• **Activity**:
Please repeat exactly the lines below from the one containing "还记得马伊琍在个人微博上的发" down to the one containing "Stěny základní nádoby", both included, and nothing else.

• **Data to examine**:
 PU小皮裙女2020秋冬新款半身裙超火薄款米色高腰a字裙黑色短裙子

...

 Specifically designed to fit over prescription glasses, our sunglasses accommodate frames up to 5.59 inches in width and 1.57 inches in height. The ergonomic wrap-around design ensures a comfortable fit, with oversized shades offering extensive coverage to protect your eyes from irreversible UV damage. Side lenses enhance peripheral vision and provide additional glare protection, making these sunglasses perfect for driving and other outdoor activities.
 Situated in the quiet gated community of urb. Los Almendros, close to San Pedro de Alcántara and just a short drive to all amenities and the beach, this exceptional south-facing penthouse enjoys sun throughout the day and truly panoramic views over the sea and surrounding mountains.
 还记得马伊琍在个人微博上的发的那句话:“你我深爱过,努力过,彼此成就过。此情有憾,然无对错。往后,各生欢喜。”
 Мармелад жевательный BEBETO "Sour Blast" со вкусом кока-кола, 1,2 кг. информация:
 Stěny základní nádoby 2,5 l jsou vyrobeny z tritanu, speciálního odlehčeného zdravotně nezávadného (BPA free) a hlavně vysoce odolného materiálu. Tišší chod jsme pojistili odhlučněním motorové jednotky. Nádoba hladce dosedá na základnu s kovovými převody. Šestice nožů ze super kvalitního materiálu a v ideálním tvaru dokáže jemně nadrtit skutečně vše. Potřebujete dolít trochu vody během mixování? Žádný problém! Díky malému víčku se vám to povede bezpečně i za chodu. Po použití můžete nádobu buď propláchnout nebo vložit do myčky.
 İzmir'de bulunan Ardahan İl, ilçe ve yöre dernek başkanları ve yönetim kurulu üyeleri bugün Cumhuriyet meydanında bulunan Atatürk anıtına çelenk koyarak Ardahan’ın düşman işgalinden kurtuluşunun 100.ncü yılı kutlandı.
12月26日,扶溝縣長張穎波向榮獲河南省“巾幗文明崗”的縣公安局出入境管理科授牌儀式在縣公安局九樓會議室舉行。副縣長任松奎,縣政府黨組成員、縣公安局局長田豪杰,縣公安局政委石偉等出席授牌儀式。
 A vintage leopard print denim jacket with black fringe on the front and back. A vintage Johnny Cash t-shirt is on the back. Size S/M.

• **Written answer**:
 还记得马伊琍在个人微博上的发的那句话:“你我深爱过,努力过,彼此成就过。此情有憾,然无对错。往后,各生欢喜。”
 Мармелад жевательный BEBETO "Sour Blast" со вкусом кока-кола, 1,2 кг. информация:
 Stěny základní nádoby 2,5 l jsou vyrobeny z tritanu, speciálního odlehčeného zdravotně nezávadného (BPA free) a hlavně vysoce odolného materiálu. Tišší chod jsme pojistili odhlučněním motorové jednotky. Nádoba hladce dosedá na základnu s kovovými převody. Šestice nožů ze super kvalitního materiálu a v ideálním tvaru dokáže jemně nadrtit skutečně vše. Potřebujete dolít trochu vody během mixování? Žádný problém! Díky malému víčku se vám to povede bezpečně i za chodu. Po použití můžete nádobu buď propláchnout nebo vložit do myčky.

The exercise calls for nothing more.